:: What to do ::
With both ends included, repeat exactly the lines of the entries below from the one containing "修正指示が口頭やメールだけだ" down to the one containing "チュールドッキングニットプルオーバー 】 トレンドのチュールドッキングが着映える、チュールデザインニットトップスが入荷しました。", and no others.

:: Information given ::
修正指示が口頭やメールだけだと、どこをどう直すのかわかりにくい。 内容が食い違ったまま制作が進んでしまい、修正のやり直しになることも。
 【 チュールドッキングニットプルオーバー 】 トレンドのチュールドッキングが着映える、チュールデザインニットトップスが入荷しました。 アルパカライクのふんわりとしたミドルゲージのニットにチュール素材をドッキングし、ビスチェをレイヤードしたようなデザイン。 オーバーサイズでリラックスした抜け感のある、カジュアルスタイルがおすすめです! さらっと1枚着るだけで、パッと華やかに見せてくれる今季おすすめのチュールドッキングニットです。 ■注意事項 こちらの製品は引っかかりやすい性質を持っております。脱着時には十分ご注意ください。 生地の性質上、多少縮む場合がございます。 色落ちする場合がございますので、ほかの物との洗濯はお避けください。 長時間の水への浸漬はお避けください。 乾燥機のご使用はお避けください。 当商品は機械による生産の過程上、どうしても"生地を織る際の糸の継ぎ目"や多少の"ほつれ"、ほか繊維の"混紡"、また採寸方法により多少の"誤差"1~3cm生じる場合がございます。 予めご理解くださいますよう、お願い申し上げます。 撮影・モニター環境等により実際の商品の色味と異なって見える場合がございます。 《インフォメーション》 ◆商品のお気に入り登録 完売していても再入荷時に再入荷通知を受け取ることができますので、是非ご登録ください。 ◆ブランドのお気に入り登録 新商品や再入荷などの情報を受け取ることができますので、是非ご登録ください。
* * *
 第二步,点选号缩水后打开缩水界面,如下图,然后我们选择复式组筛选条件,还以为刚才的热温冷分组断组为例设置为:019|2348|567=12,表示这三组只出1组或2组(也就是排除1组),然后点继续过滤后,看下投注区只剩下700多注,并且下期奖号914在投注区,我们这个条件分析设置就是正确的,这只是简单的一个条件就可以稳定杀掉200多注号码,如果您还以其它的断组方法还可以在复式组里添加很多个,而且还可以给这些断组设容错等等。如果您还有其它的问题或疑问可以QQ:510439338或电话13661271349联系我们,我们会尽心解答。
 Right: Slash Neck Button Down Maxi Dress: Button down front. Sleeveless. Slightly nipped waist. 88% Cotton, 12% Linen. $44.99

:: Exercise answer ::
修正指示が口頭やメールだけだと、どこをどう直すのかわかりにくい。 内容が食い違ったまま制作が進んでしまい、修正のやり直しになることも。
 【 チュールドッキングニットプルオーバー 】 トレンドのチュールドッキングが着映える、チュールデザインニットトップスが入荷しました。 アルパカライクのふんわりとしたミドルゲージのニットにチュール素材をドッキングし、ビスチェをレイヤードしたようなデザイン。 オーバーサイズでリラックスした抜け感のある、カジュアルスタイルがおすすめです! さらっと1枚着るだけで、パッと華やかに見せてくれる今季おすすめのチュールドッキングニットです。 ■注意事項 こちらの製品は引っかかりやすい性質を持っております。脱着時には十分ご注意ください。 生地の性質上、多少縮む場合がございます。 色落ちする場合がございますので、ほかの物との洗濯はお避けください。 長時間の水への浸漬はお避けください。 乾燥機のご使用はお避けください。 当商品は機械による生産の過程上、どうしても"生地を織る際の糸の継ぎ目"や多少の"ほつれ"、ほか繊維の"混紡"、また採寸方法により多少の"誤差"1~3cm生じる場合がございます。 予めご理解くださいますよう、お願い申し上げます。 撮影・モニター環境等により実際の商品の色味と異なって見える場合がございます。 《インフォメーション》 ◆商品のお気に入り登録 完売していても再入荷時に再入荷通知を受け取ることができますので、是非ご登録ください。 ◆ブランドのお気に入り登録 新商品や再入荷などの情報を受け取ることができますので、是非ご登録ください。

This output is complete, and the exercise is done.